I have experienced antisemitism many times, including violence. I know what it looks like when people minimize Nazi imagery. Platner’s tattoo is not a swastika, it’s the totenkopf or the “death’s head,” and it is one of the most recognizable Nazi symbols. It appeared on the caps of SS officers who murdered my relatives. It was worn by the men who ran the concentration camps who imprisoned them.
Platner says he did not know what it was. He also claims to be a history buff. Jewish Insider reported that a former acquaintance heard him refer to the tattoo as “my totenkopf” at a D.C. bar, where he would frequently show it off. CNN found Reddit comments that contradict his claims. You do not call something by its German name and then claim you never knew what it meant. I do not believe him.
Tattoos aren’t my only concern about his candidacy.
One of my proudest accomplishments was helping to create the It’s On Us campaign during the Obama administration. Launched at the White House in 2014 by Vice President Joe Biden, the campaign carried a simple message: the vast majority of men who would never commit sexual assault have the power and the responsibility to stop those who do. It’s not on women to wear longer skirts or avoid certain streets at night. It’s on us. All of us.
That campaign changed the way I think about silence. So when I see Platner telling victims of sexual assault to “take some responsibility for themselves” and not to drink so much I am compelled to speak up. No one who says these things about rape should hold a seat in the U.S. Senate.
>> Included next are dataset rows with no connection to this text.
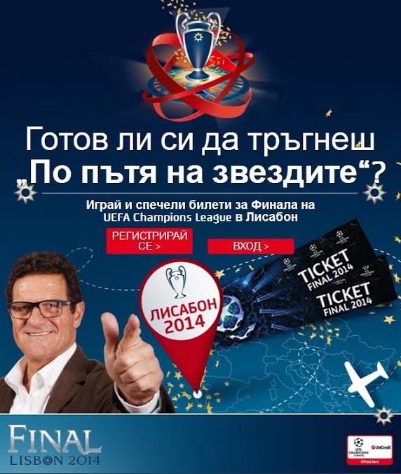 Специално за футболните фенове у нас УниКредит Булбанк стартира игра, посветена на Шампионската лига. УниКредит Булбанк отправя предизвикателство към футболните фенове у нас - до края на април в специално разработена игра те трябва да отговорят на въпросите на италианската легенда Фабио Капело, свързани с историята на най-престижния спортен турнир в Европа.
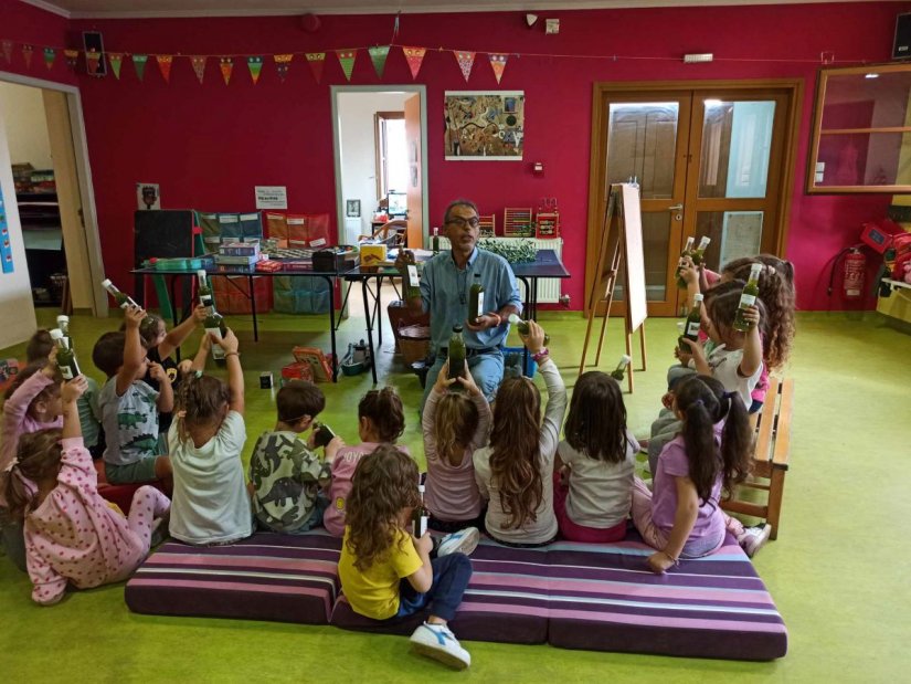 Επιστρέφοντας στο Πυργί σταματώ για να στολίσω τα ανθοδοχεία του σχολείου με μια αγκαλιά κορωνέϊκους κλάδους αγλαόκαρπης ελαίας και γεμίζω καμιά 25ρια μπουκαλάκια για τους γονείς. Αύριο, θα έχει πλούσια βιωματική μάθηση με… ολίγη αυτοαναφορικότητα για την μοναχική οδύσσεια της συλλογής ελαιοκάρπου.
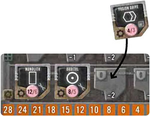 Science cost (move the Storage Marker backwards on the Storage Track) and put the tile on your Player Board on the track of its category (Military, Grid or Nano).
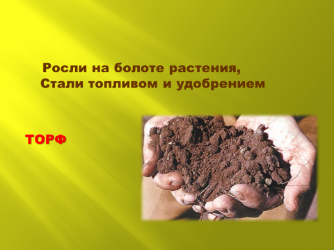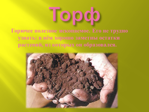 Торф | Тёмно-коричневый с остатками растений. | Твёрдый, но легко крошится. | Хорошо горит. | Как топливо и удобрение. |

If a Nazi tattoo and victim-blaming comments about rape are not enough, let’s consider competence. As a progressive, I agree with much of what Platner says. But saying the right things is not governing. I see no evidence he can deliver on any of it.
Gov. Janet Mills can and she has. Maine saw more economic growth during her tenure than in the entire 14 years before she took office. She stewarded our state through a pandemic. When President Donald Trump tried to bully her in the White House, she told him she would see him in court and then she won a court case.
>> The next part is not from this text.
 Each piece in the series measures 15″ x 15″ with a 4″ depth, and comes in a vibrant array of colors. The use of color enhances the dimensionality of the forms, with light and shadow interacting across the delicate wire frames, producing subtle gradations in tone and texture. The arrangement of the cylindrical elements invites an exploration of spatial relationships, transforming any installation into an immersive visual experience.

It seems these days that there is no level of imperfection we cannot tolerate in a man but that no woman can ever be perfect enough. Mainers have the chance to buck that trend. We can send a qualified, dignified, accomplished leader to take on Susan Collins, a senator who I believe wrings her hands and furrows her brow in concern and then votes what I consider the wrong way every time it matters.
I think Collins should lose her Senate seat and she should lose to someone with a track record of accomplishment. Janet Mills is that person. I urge every Mainer who believes character and competence still matter to vote for Mills in the June primary.